## [Work order]
Your output should consist of the lines from the first line of the records below through the one with "Absolutely love these", exactly, minus the pictures.

%%

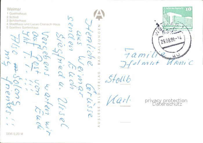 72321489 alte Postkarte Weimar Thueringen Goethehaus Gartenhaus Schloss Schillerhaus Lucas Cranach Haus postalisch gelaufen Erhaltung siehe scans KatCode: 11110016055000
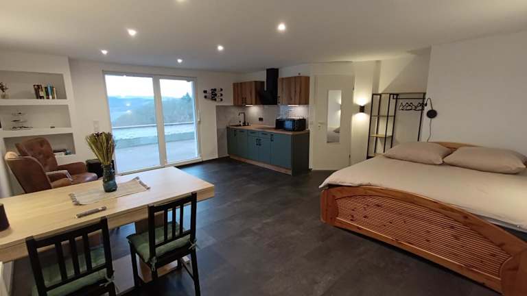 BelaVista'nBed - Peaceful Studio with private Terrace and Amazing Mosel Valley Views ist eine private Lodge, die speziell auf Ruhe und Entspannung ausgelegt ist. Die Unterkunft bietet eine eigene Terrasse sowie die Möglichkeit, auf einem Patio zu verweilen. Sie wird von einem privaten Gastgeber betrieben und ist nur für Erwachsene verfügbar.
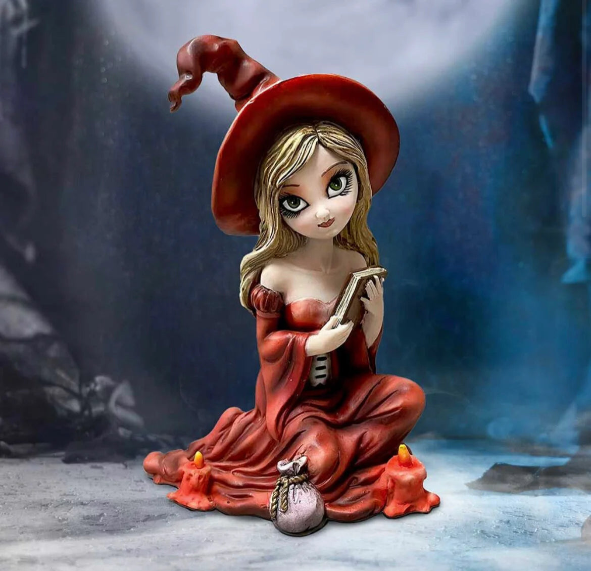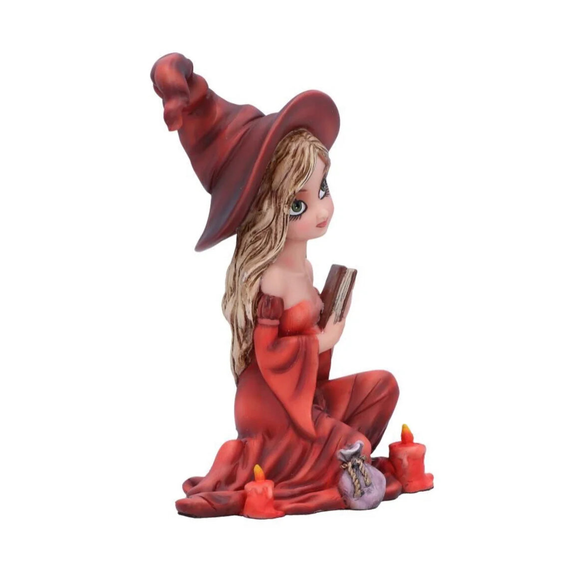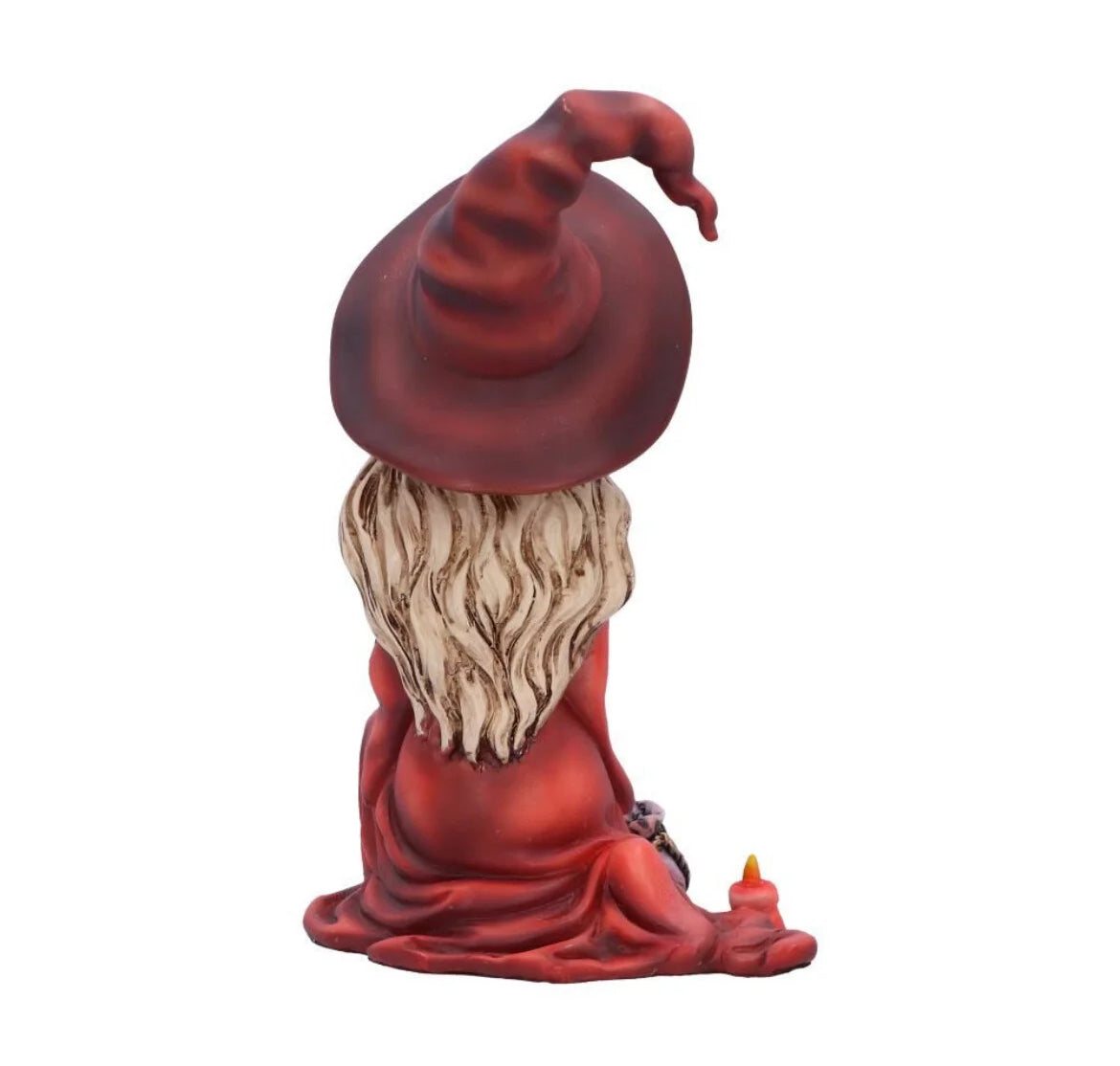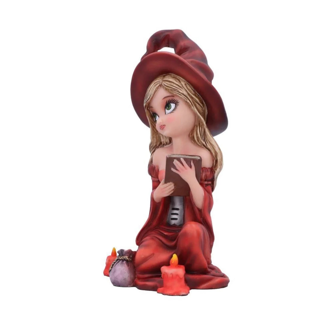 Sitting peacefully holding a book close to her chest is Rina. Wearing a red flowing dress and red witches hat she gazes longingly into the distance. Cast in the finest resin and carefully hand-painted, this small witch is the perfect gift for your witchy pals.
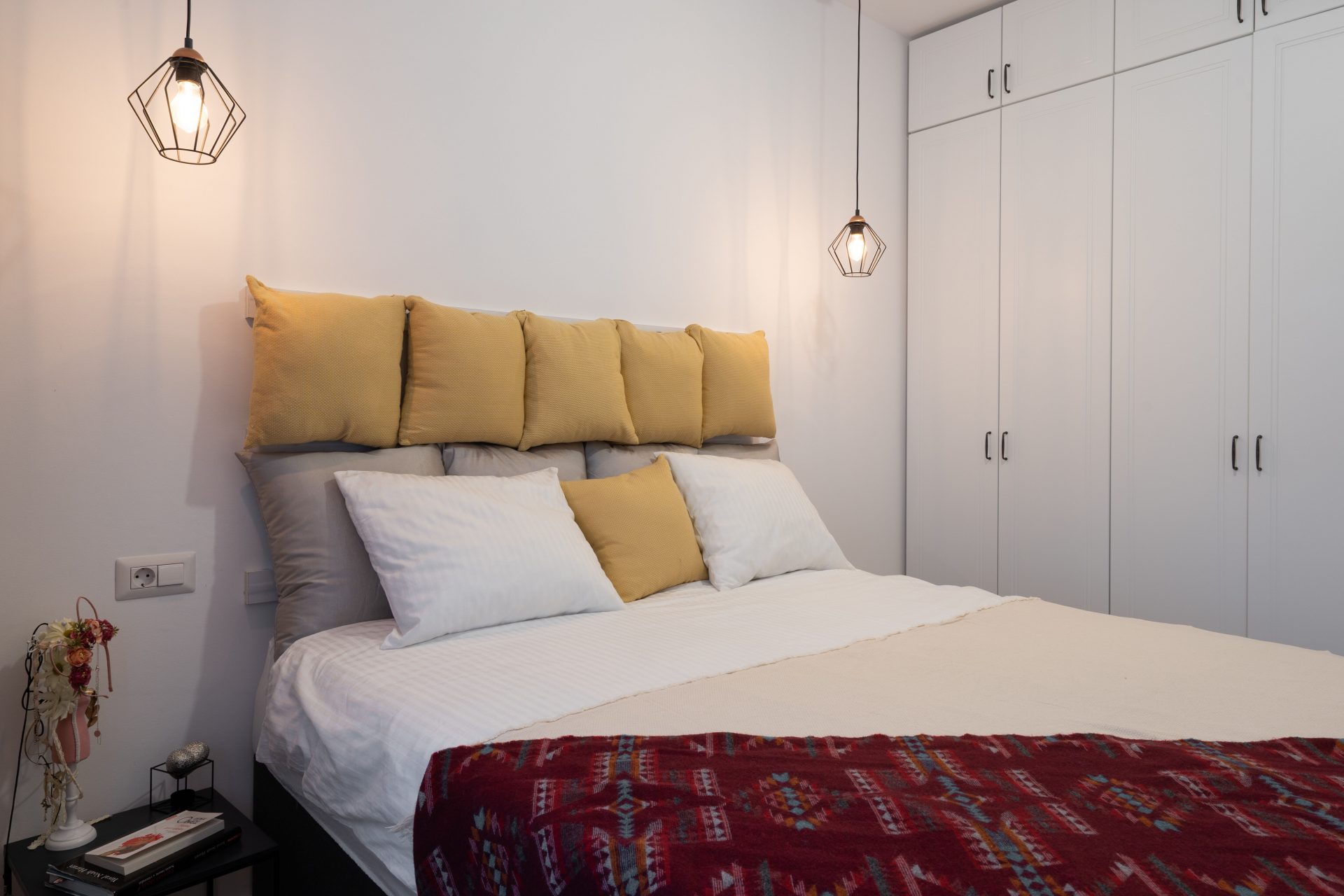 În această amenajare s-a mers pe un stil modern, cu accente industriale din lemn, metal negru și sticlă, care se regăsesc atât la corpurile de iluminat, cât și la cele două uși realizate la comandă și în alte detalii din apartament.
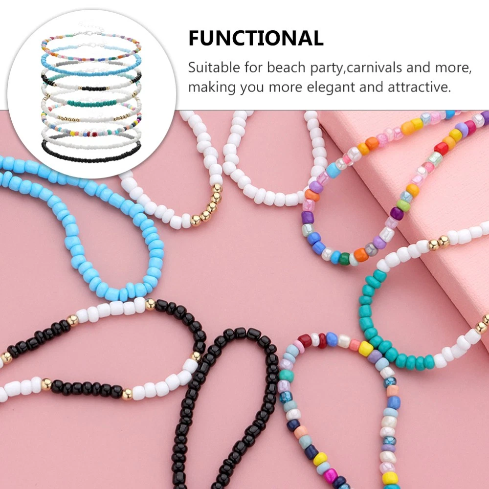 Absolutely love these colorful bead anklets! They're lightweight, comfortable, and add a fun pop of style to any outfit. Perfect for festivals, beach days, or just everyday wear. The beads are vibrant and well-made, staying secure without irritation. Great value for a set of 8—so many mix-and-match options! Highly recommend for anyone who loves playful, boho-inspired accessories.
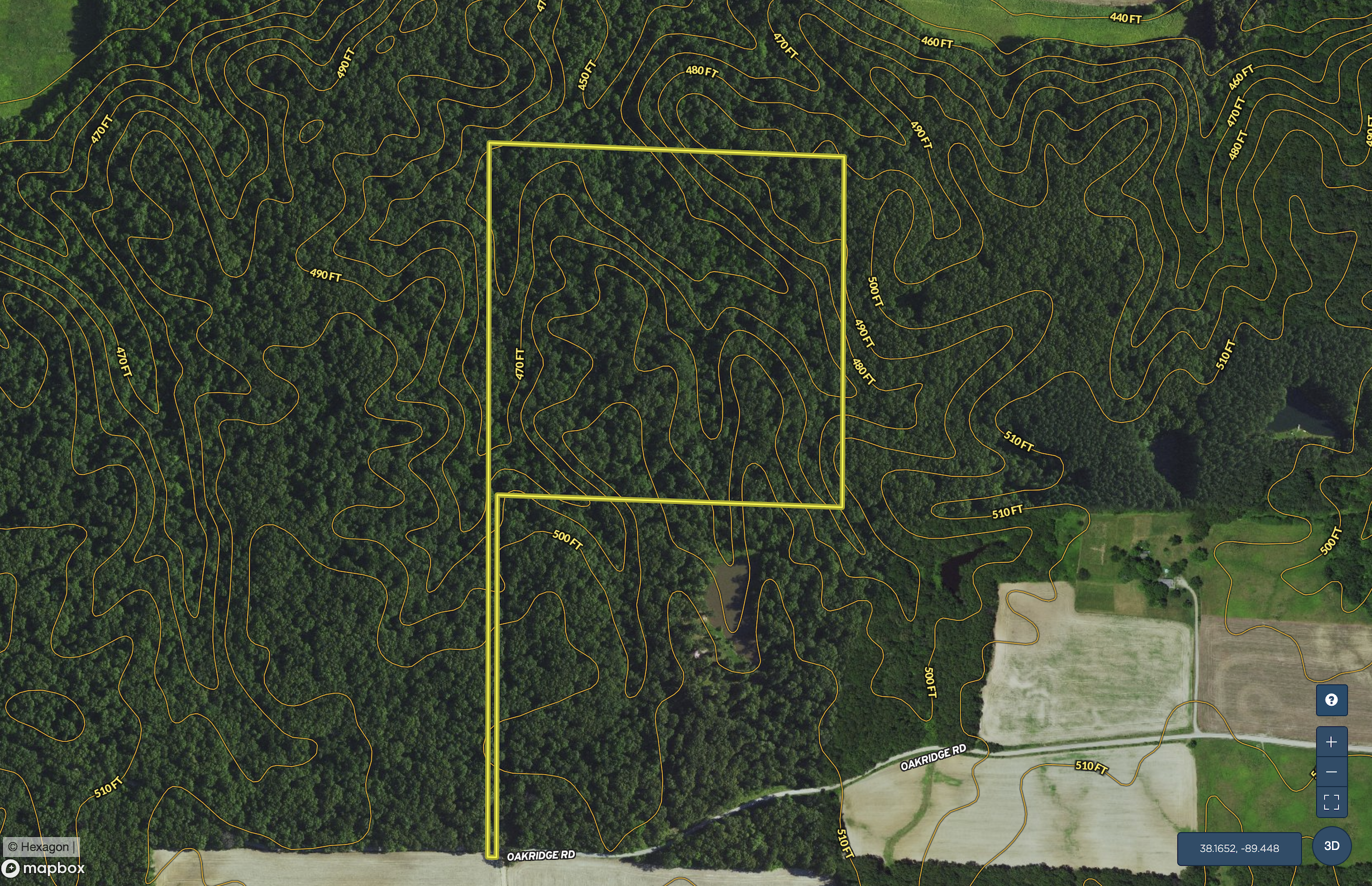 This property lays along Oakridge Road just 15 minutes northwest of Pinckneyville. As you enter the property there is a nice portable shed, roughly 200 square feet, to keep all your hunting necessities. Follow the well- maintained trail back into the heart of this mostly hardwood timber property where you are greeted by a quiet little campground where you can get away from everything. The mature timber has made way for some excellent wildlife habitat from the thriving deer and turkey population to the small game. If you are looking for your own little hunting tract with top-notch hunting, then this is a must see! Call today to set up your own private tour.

%%

## [Solution to the exercise]
 72321489 alte Postkarte Weimar Thueringen Goethehaus Gartenhaus Schloss Schillerhaus Lucas Cranach Haus postalisch gelaufen Erhaltung siehe scans KatCode: 11110016055000
 BelaVista'nBed - Peaceful Studio with private Terrace and Amazing Mosel Valley Views ist eine private Lodge, die speziell auf Ruhe und Entspannung ausgelegt ist. Die Unterkunft bietet eine eigene Terrasse sowie die Möglichkeit, auf einem Patio zu verweilen. Sie wird von einem privaten Gastgeber betrieben und ist nur für Erwachsene verfügbar.
 Sitting peacefully holding a book close to her chest is Rina. Wearing a red flowing dress and red witches hat she gazes longingly into the distance. Cast in the finest resin and carefully hand-painted, this small witch is the perfect gift for your witchy pals.
 În această amenajare s-a mers pe un stil modern, cu accente industriale din lemn, metal negru și sticlă, care se regăsesc atât la corpurile de iluminat, cât și la cele două uși realizate la comandă și în alte detalii din apartament.
 Absolutely love these colorful bead anklets! They're lightweight, comfortable, and add a fun pop of style to any outfit. Perfect for festivals, beach days, or just everyday wear. The beads are vibrant and well-made, staying secure without irritation. Great value for a set of 8—so many mix-and-match options! Highly recommend for anyone who loves playful, boho-inspired accessories.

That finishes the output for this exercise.